Group server-state files by domain and operation:
shared/server-state/blog/
├── index.ts
├── query-keys.ts
├── create-blog.mutation.ts
├── get-blog.query.ts
└── get-blogs.query.tsEach domain should keep query keys local to that domain. Use query option helpers for exact query reuse, and the domain key factory for partial invalidation groups.

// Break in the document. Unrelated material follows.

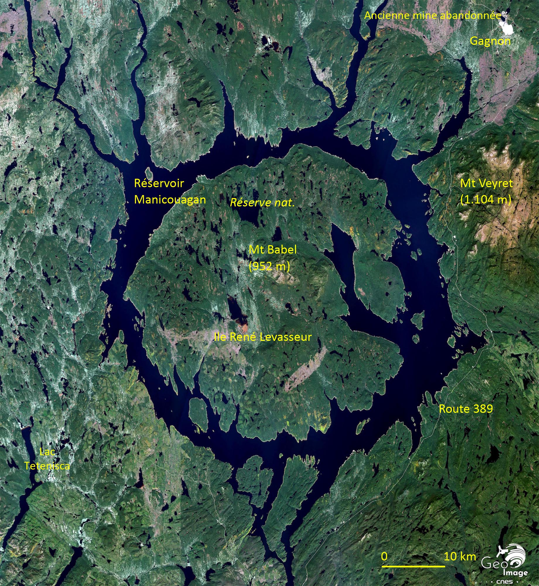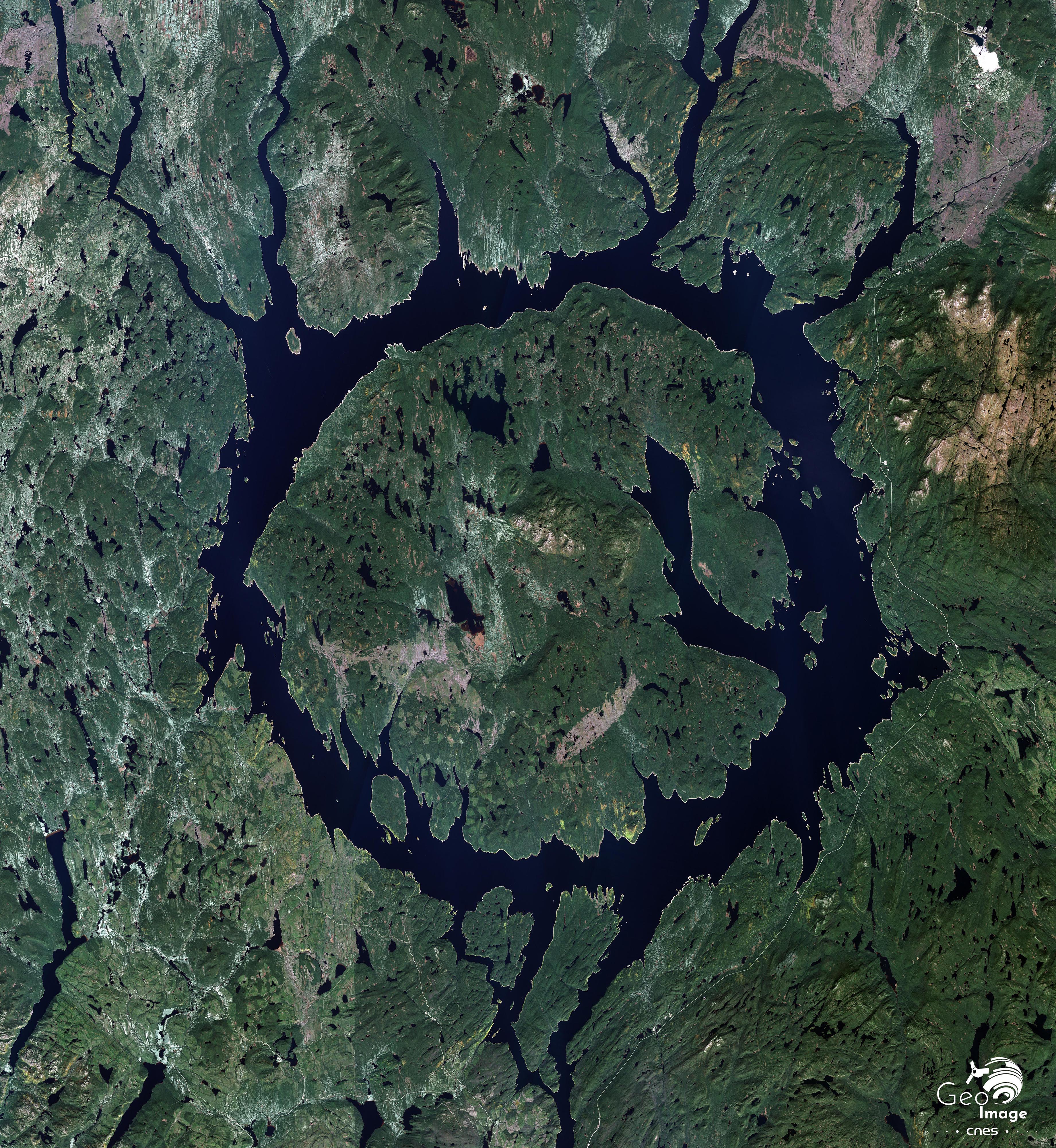 Celui-ci se trouve à une altitude moyenne de 360 m. Ce lac-réservoir est totalement artificiel et a été créé par la construction du barrage Daniel-Johnson, qui se trouve plus au sud (hors image, zooms suivants) en 1970. La création du réservoir s’est traduite par l’ennoiement d’une une vaste dépression topographique de forme circulaire bien visible sur l’image. La forme circulaire du réservoir qui lui vaut le surnom d’« Œil du Québec » est en effet bien visible, que ça soit de l’espace ou d’avion. Elle correspond à un cratère de 100 km de diamètres créé il y a 214 millions d’années par l’impact d’un gigantesque météoritique dont la taille est évaluée à 5 km de diamètre.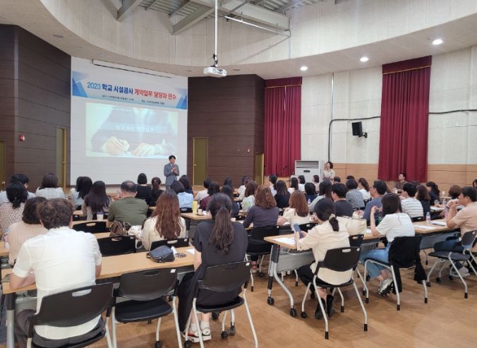 이번 연수는 학교시설공사 직접 집행에 따른 계약담당 공무원의 실무능력 향상에 초점을 두고, ▲공사 업종 선택 방법 및 실습 ▲건설산업기본법 해설(건설업역폐지, 대업종화, 주력분야 등) ▲질의회신 및 사례 위주의 실무처리 과정을 안내해 학교현장에 도움을 주는 데 중점을 뒀다.

queryClient.invalidateQueries({ queryKey: blogQueryKeys.all });
queryClient.invalidateQueries({ queryKey: blogQueryKeys.lists() });Each query operation can export both query options and a React hook. Keep query options separate when the same operation may be reused by non-component code such as router loaders, prefetching, queryClient.ensureQueryData, or exact cache invalidation:
queryClient.prefetchQuery(getBlogQueryOptions(id));
queryClient.ensureQueryData(getBlogQueryOptions(id));
queryClient.invalidateQueries({ queryKey: getBlogQueryOptions(id).queryKey });Mutation operations live beside query operations and should invalidate the smallest useful domain key:
export function useCreateBlogMutation() {
const queryClient = useQueryClient();
return useMutation({
mutationFn: (payload: CreateBlogPostDto) => blogApi.create(payload),
onSuccess: () => {
void queryClient.invalidateQueries({ queryKey: blogQueryKeys.lists() });
},
});
}Group API files by domain. Keep DTOs separate from endpoint functions so large response contracts do not bloat transport code:
shared/api/blog/
├── index.ts
├── dto.ts
├── blog.api.ts
└── blog.api.test.tsSmall endpoint groups can be exposed as one object:
blogApi.list();
blogApi.detail(id);
blogApi.create(payload);Path Alias
The #/ alias maps to src/:
import { Button } from '#/shared/ui';
import { useErrorHandler } from '#/shared/hooks/use-error-handler';
import { ThemeToggle } from '#/shared/ui/app';
import { queryClient } from '#/shared/lib/query-client';Scripts
Inside a generated project:
bun run dev
bun run build
bun run test
bun run lintRelated Package
The CLI is published as @dauphaihau/create-react-template.